Pennywit reminds us of the 1992 opinion Justice O'Connor wrote regarding Planned Parenthood of Southeastern Pa. v. Casey:
Though abortion is conduct, it does not follow that the State is entitled to proscribe it in all instances. That is because the liberty of the woman is at stake in a sense unique to the human condition, and so, unique to the law. The mother who carries a child to full term is subject to anxieties, to physical constraints, to pain that only she must bear. That these sacrifices have from the beginning of the human race been endured by woman with a pride that ennobles her in the eyes of others and gives to the infant a bond of love cannot alone be grounds for the State to insist she make the sacrifice. Her suffering is too intimate and personal for the State to insist, without more, upon its own vision of the woman's role, however dominant that vision has been in the course of our history and our culture. The destiny of the woman must be shaped to a large extent on her own conception of her spiritual imperatives and her place in society.

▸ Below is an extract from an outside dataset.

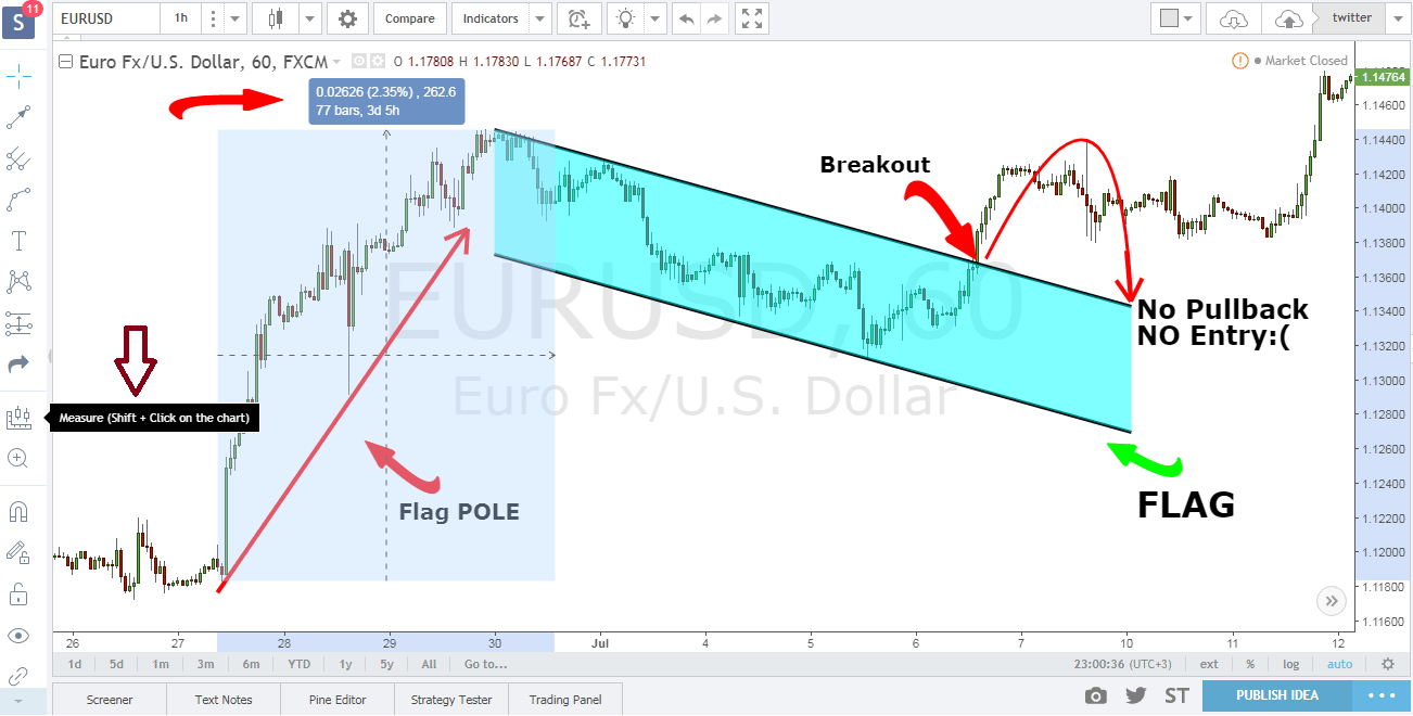 Alternatively, you can wait for a breakout and only enter after a pullback that retests the flag. This is a more conservative approach. However, there is a big risk with this type of chart patterns that you won’t see any pullback once the breakout happens.

Justice Stevens, in a separate opinion, writes:
The Court in Roe carefully considered, and rejected, the State's argument "that the fetus is a `person' within the language and meaning of the Fourteenth Amendment." 410 U.S., at 156 . After analyzing the usage of "person" in the Constitution, the Court concluded that that word "has application only postnatally." Id., at 157. Commenting on the contingent property interests of the unborn that are generally represented by guardians ad litem, the Court noted: Perfection of the interests involved, again, has generally been contingent upon live birth. In short, the unborn have never been recognized in the law as persons in the whole sense. Id., at 162. Accordingly, an abortion is not "the termination of life entitled to Fourteenth Amendment protection." Id., at 159. From this holding, there was no dissent, see id., at 173; indeed, no Member of the Court has ever questioned this fundamental proposition. Thus, as a matter of federal constitutional law, a developing organism that is not yet a "person" does not have what is sometimes described as a "right to life." 2 This has been and, by the Court's holding today, [505 U.S. 833, 914] remains, a fundamental premise of our constitutional law governing reproductive autonomy.
In weighing the matter further, he clearly states:
One aspect of this liberty is a right to bodily integrity, a right to control one's person. See, e.g., Rochin v. California, 342 U.S. 165 (1952); Skinner v. Oklahoma ex rel Williamson, 316 U.S. 535 (1942). This right is neutral on the question of abortion: the Constitution would be equally offended by an absolute requirement that all women undergo abortions as by an absolute prohibition on abortions. "Our whole constitutional heritage rebels at the thought of giving government the power to control men's minds." Stanley v. Georgia, 394 U.S. 557, 565 (1969). The same holds true for the power to control women's bodies.
That is the very slipperly slope down which the radical conservatives want to push us all -- State control over our bodies. This is the legal precedent that they want to empower their efforts to dismantle the basic Constitutional rights of women.
(If they were truly against abortions, one would think they would, in addition to their battles in the courthouse and outside of health clinics, embrace non-coercive means to reduce unwanted pregnancies, such as ready and affordable access to birth control and rational sex education for teenagers in school. But they don't like these things that help women have control over their bodies. It's almost as if they oppose abortion simply because abortion would end the punishment "promiscuous" women otherwise would have to endure.)
Justice Blackmun's opinion clarifies what's at stake:
A fervent view of individual liberty and the force of stare decisis have led the Court to this conclusion. Ante, at 853. Today a majority reaffirms that the Due Process Clause of the Fourteenth Amendment establishes "a realm of personal liberty which the government may not enter," ante, at 847 - a realm whose outer limits cannot be determined by interpretations of the Constitution that focus only on the specific practices of States at the time the Fourteenth Amendment was adopted. See ante, at 848-849. Included within this realm of liberty is "the right of the individual, married or single, to be free from unwarranted governmental intrusion into matters so fundamentally affecting a person as the decision whether to bear or beget a child." Ante, at 851, quoting Eisenstadt v. Baird, 405 U.S. 438, 453 (1972).... These matters, involving the most intimate and personal choices a person may make in a lifetime, choices central to personal dignity and autonomy, are central to the [505 U.S. 833, 924] liberty protected by the Fourteenth Amendment. Ante, at 851....
[emphasis added on all excerpts]
This isn't about being "pro-abortion." And while privacy certainly plays a part in the social and legal understanding of women's reproductive rights, ultimately it comes down to liberty. What's more American than that?